Ora, no caso concreto, é inequívoco que, no âmbito do contrato promessa de troca celebrado entre as partes, não foi estipulado qualquer sinal.
Já se explicou, logo no início do presente Acórdão, o conteúdo do contrato promessa celebrado e, como decorre do aí explicitado, a verdade é que o que as partes quiseram estabelecer foi a promessa de troca dos prédios rústicos, propriedade dos AA., pelas fracções autónomas identificadas que iriam ser construídas naqueles prédios.
Não se prevê, como já se referiu, no contrato, a constituição de qualquer sinal (cfr. art. 442º do CC) – nem qualquer preço (ou a sua antecipação) (cfr. parte final do art. 441º do CC).
Ora, como decorre expressamente do disposto na citada al. f), o promitente- comprador que obteve a tradição da coisa a que se refere o contrato prometido, só goza de direito de retenção sobre essa coisa, pelo crédito resultante do não cumprimento imputável à outra parte, nos termos do art. 442º do CC.
Ou seja, como se referiu, o beneficiário da promessa só goza do direito de retenção quando ocorra o incumprimento de um contrato promessa imputável à parte contrária, incumprimento esse de onde tenha resultado um crédito indemnizatório fundado nas hipóteses previstas no citado preceito legal.
Ora, o âmbito de aplicação do art. 442º do CC é o contrato promessa em que se tenha constituído sinal, conforme decorre da sua epígrafe, da letra da lei e das indemnizações aí previstas (que no seu cálculo integram o valor do sinal prestado).
Nessa medida, remetendo a al. f) para o crédito que possa ter resultado do não cumprimento do contrato promessa, nos termos do art. 442º do CC, tal crédito só pode dizer respeito a contratos promessa em que os contraentes tenham constituído sinal.
Na verdade, qualquer um dos créditos aí previstos pressupõe aquela constituição do sinal.
Como já se referiu, compulsado o teor do contrato promessa (e o teor do aditamento do contrato), pode-se concluir que os contraentes não previram qualquer cláusula onde tivessem declarado que constituíam sinal (aliás, nem se faz menção sequer da entrega de qualquer quantia monetária, até porque se trata de um contrato promessa de troca que não envolvia o pagamento de qualquer preço).
Conforme se referiu em cima, a única referência a valores monetários consta da cláusula, décima terceira, parágrafo primeiro (aditamento ao contrato), mas como concluímos, o valor aí indicado não constitui sinal, mas sim o valor pré-fixado da indemnização que seria devida pela não entrega de cada uma das fracções autónomas a construir que se mostram identificadas no contrato (cláusula penal).

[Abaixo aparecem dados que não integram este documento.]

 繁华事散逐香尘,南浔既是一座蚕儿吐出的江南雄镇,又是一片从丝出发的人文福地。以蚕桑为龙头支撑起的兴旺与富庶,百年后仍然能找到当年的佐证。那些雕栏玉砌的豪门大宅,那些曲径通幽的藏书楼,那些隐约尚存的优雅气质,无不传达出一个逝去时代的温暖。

Aqui chegados, pode-se assim concluir, sem necessidade de mais alongadas considerações, que nunca poderiam os Recorrentes gozar do direito de retenção invocado, uma vez que não se mostram preenchidos os requisitos legais que permitiriam o seu reconhecimento e que se encontram estabelecidos na al. f) do nº 1 do art. 755º do CC- designadamente, que o crédito indemnizatório que aqui pretendiam reclamar – e que não foi reconhecido - se fundasse num contrato promessa sinalizado ou tivesse como fundamento um direito indemnizatório fundado no art. 442º do CC.
Improcede, pois, esta parte do Recurso
Aqui chegados, poder-se-ia concluir ainda que verdadeiramente a impugnação da matéria de facto deduzida pelos Recorrentes (correspondente à factualidade dada como não provada pelo Tribunal Recorrido) era de apreciação inútil, uma vez que os factos que se mostravam em discussão diziam respeito ao eventual preenchimento dos requisitos do direito de retenção (traditio e qualidade de consumidor).

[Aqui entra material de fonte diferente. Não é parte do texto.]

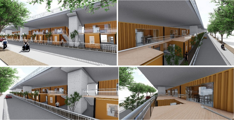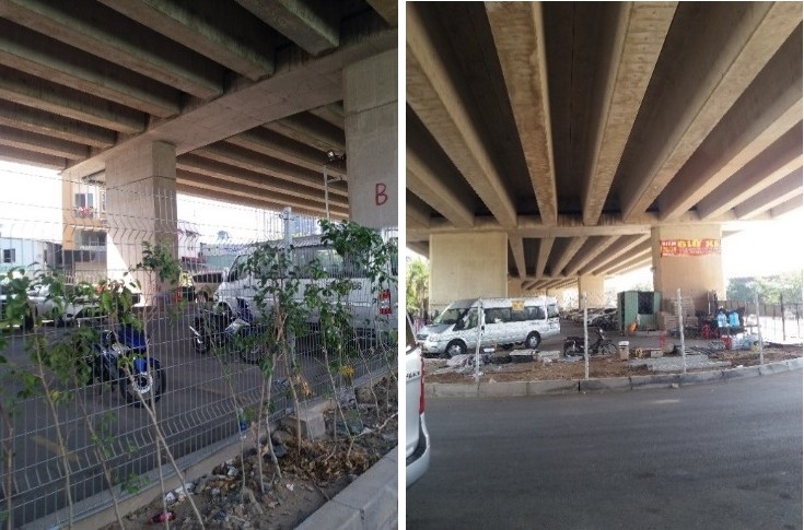Về phương pháp thực hiện, nhóm tác giả đã tìm hiểu thực trạng các không gian trống tại TP. HCM, như không gian dưới chân cầu vượt Phú Mỹ (Hình 1, 2), tuyến Metro, không gian trống trong công viên Lê Văn Tám, công viên Phú Lâm,… So sánh kiểm chứng với những công trình nhà ở cho người nghèo tại các nước trong khu vực. Qua đó, nhận thấy nhu cầu nhà ở cho người nghèo tại TP.HCM rất lớn và có xu hướng tăng lên từng năm do tình trạng dân nhập cư, quỹ đất xây dựng nhà ở luôn khó khăn, giá nhà đất quá cao so với thu nhập của người lao động nghèo, đặc biệt là người vô gia cư.

Como se referiu, como fundamento do reconhecimento desse direito, os Recorrentes invocaram a celebração de um contrato promessa de compra e venda relativo às fracções C e D, que estariam na sua posse (que também seria um dos pontos a discutir na impugnação deduzida).
Sucede que, conforme decorre do exposto, tendo-se concluído que as suas pretensões só poderiam fundar-se no contrato promessa de troca celebrado com a (…), tal direito não encontra qualquer sustentáculo na causa de pedir por si invocada.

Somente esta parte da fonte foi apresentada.